- Work to be completed
Wherever an image appears in the data, omit it and copy all the remaining text word for word.

- The data
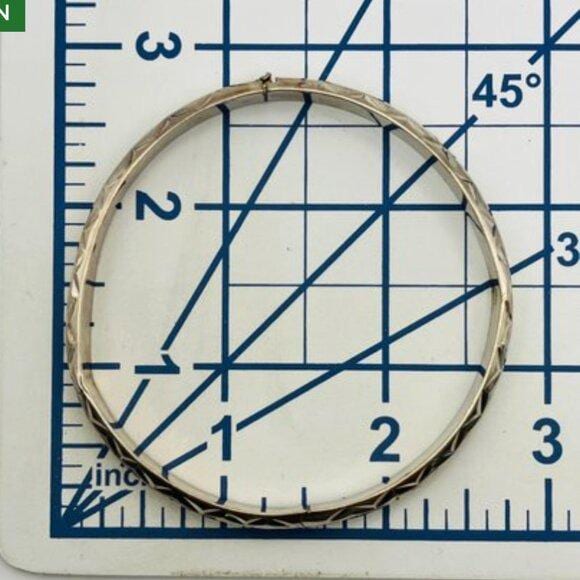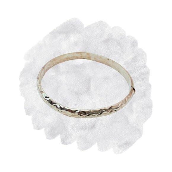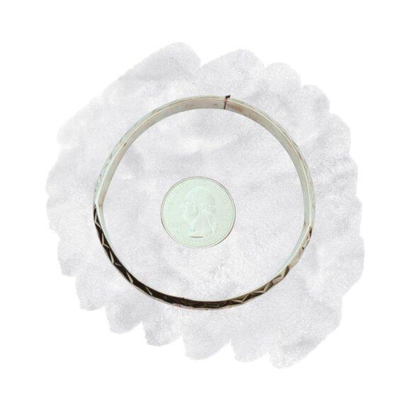 Beautiful HAN sterling silver hinged bangle bracelet featuring elegant etched detailing! This classic piece showcases a textured diamond/zigzag pattern and convenient hinged opening for easy wearing. Quality sterling silver construction at 8.49 grams.
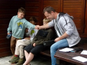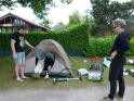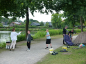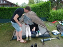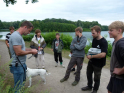 So konnten wir nur nach bestem Wissen und Gewissen die Angelplätze ausstecken. Bei unserer offiziellen Begrüßung erklärte ich den Junganglern die Situation und worauf sie achten sollten, wenn sie mehr als nur ein paar Weißfische fangen wollten. Für unser Angeln selbst gab es einige Zugeständnisse für die Jugend. So durften sie mit zwei Ruten angeln, sie durften dem Raubfisch nachstellen und es war für sie erlaubt in dieser Nacht ein Zelt zu nutzen. Was auch nötig war, denn kurz nachdem es ans Wasser ging, fing es richtig an zu schütten. Nur gut, dass der Regen nicht lange anhielt. Doch trotz des trockenen Wetters, gab es gleich zwei, die so richtig nass wurden. Einmal Roman, einer unser Betreuer, der freiwillig ins Wasser ging, um einen abgestürzten Ballon zu retten. Ich hatte ihm gesagt, dass da bestimmt 50 Euro dranhängen. Was sich als falsch herausstellte. Es war nur eine Karte auf der „Schön, dass du da bist!" stand. Und dann landete einer der jüngeren Teilnehmer völlig unfreiwillig im See. Manchmal zahlt es sich tatsächlich aus, wenn Eltern mitdenken und Wechselklamotten einpacken.
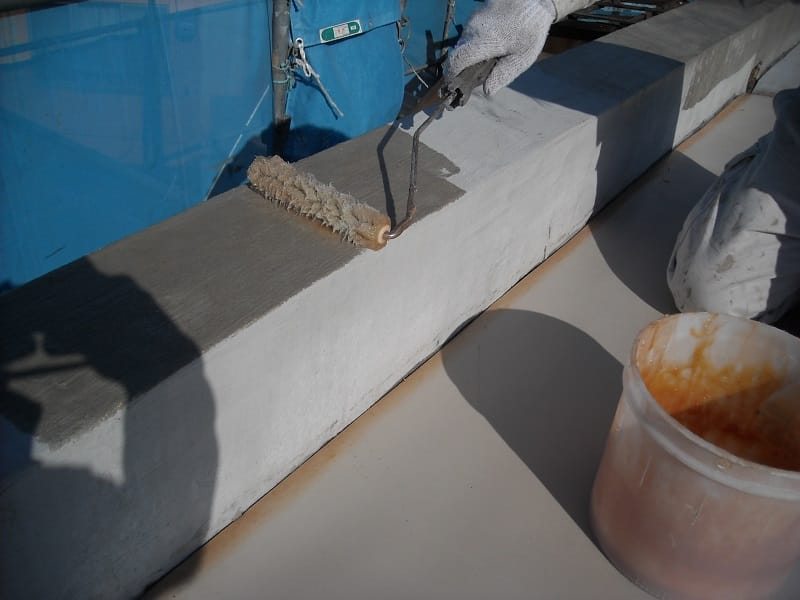 ⑥下地調整。下地の凸凹や亀裂を均一にします。

- Exercise response
 Beautiful HAN sterling silver hinged bangle bracelet featuring elegant etched detailing! This classic piece showcases a textured diamond/zigzag pattern and convenient hinged opening for easy wearing. Quality sterling silver construction at 8.49 grams.
 So konnten wir nur nach bestem Wissen und Gewissen die Angelplätze ausstecken. Bei unserer offiziellen Begrüßung erklärte ich den Junganglern die Situation und worauf sie achten sollten, wenn sie mehr als nur ein paar Weißfische fangen wollten. Für unser Angeln selbst gab es einige Zugeständnisse für die Jugend. So durften sie mit zwei Ruten angeln, sie durften dem Raubfisch nachstellen und es war für sie erlaubt in dieser Nacht ein Zelt zu nutzen. Was auch nötig war, denn kurz nachdem es ans Wasser ging, fing es richtig an zu schütten. Nur gut, dass der Regen nicht lange anhielt. Doch trotz des trockenen Wetters, gab es gleich zwei, die so richtig nass wurden. Einmal Roman, einer unser Betreuer, der freiwillig ins Wasser ging, um einen abgestürzten Ballon zu retten. Ich hatte ihm gesagt, dass da bestimmt 50 Euro dranhängen. Was sich als falsch herausstellte. Es war nur eine Karte auf der „Schön, dass du da bist!" stand. Und dann landete einer der jüngeren Teilnehmer völlig unfreiwillig im See. Manchmal zahlt es sich tatsächlich aus, wenn Eltern mitdenken und Wechselklamotten einpacken.
 ⑥下地調整。下地の凸凹や亀裂を均一にします。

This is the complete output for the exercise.